[Foundation-l] Frequency of Seeing Bad Versions - now with traffic data

Fri Aug 28 15:10:30 UTC 2009

On Fri, Aug 28, 2009 at 10:08 AM, Thomas Dalton <thomas.dalton at gmail.com>wrote:

> 2009/8/28 Anthony <wikimail at inbox.org>:
> > If you're going to do it, maybe we should work on a rough-consensus
> > objective definition of "vandalism" before you release the file,
> though...
>
> Don't we have a consensus definition already? Vandalism is bad faith
> editing. You may also want to include test edits since they are
> treated in the same way (just with different warning messages). That
> isn't objective, but it should be close enough. We can argue over a
> few borderline cases.

Well, it relies on information (intent) which we can't determine simply from
the content of the edit (sometimes it is implied if you look at the entire
behavior of the user, but that's too messy).  Is a POV edit "vandalism"?  I
think it has to be treated as such, at least some of the time ("Windows is
the worst operating system ever"), but there are certainly edits which are
clearly POV but the intent is unclear (many people don't know the rules).
We need to remove intent from the definition, and I suppose call it
"degraded articles".  But simply saying that anything POV is vandalism would
potentially include just about any large article.

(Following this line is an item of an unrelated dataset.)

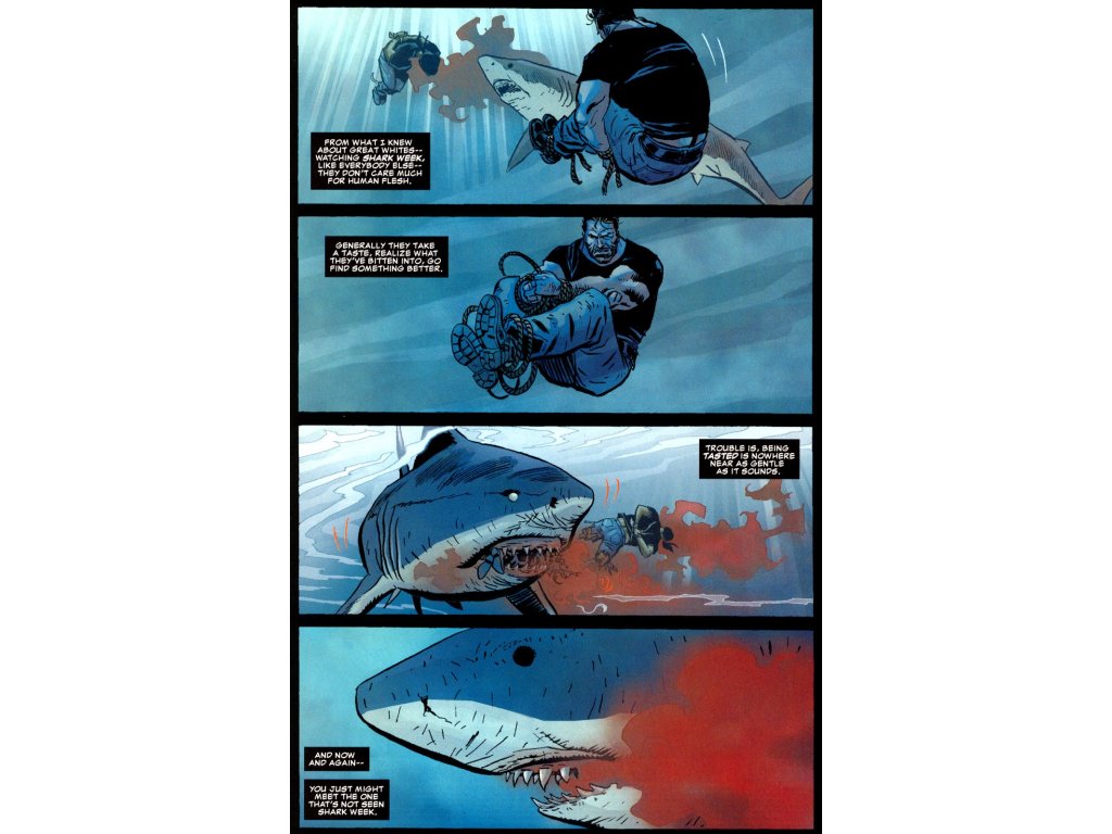 Frank Castle has definitely seen better days. Beaten to within an inch of his life, then handcuffed and tossed into the Deep Blue Sea, he’s got a Great White bearing down on him. If he’s going to survive, he’s going to have to think quick. And then he’s got to worry about who’s waiting for him on the surface: The Barracuda. And he can’t wait for Round Two.

I suppose we can just list everything that's arguably vandalism and then
categorize it later though.  I expect we'll come up with several different
final numbers, which I guess is okay (the only part that really needs to be
pristinely unbiased is the selection of pageviews), though I do expect some
people will adapt their definition of vandalism to fit the data.

I support the request for 5000 random pageviews (uniform distribution
> by pageview over the last 6 months) from the logs.

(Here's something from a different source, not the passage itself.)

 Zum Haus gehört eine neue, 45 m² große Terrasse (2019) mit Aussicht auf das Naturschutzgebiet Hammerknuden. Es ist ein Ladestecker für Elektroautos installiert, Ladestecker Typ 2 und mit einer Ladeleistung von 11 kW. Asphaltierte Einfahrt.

Seems like it could be reused for a lot of different types of studies, so
long as the researcher isn't exposed to the details of the urls before
coming up with his/her methodology.  And I think the analysis of those 5000
pageviews in all sorts of ways would "crowdsource" well.  I'd love to see a
"Nature Study" equivalent, analyzing the more subjective aspects of the
articles in addition to just plain old vandalized/not-vandalized.

If we can't get the 5000 random pageviews (do the logs even still exist?), I
suppose wikistats will do.  They have pageviews broken down by hour, so the
non-uniformity of a single hour is probably fairly small for the popular
pages most likely to be selected.  Worst part is that it's a whole lot of
data to download, and I'm not sure any shortcuts can be taken without
screwing up the non-uniformity.  I considered just downloading the
projectcounts and then selecting the date-hours weighted accordingly then
downloading only the date-hour files needed, but that does potentially
introduce error if the non-article traffic isn't well correlated to the
article traffic, so I dunno.  Probably a safe assumption that they are well
correlated, but I'd rather not guess.  Maybe talk-page traffic is highly
correlated to increased vandalism, or decreased vandalism.  It's possible,
so I'd rather be safe.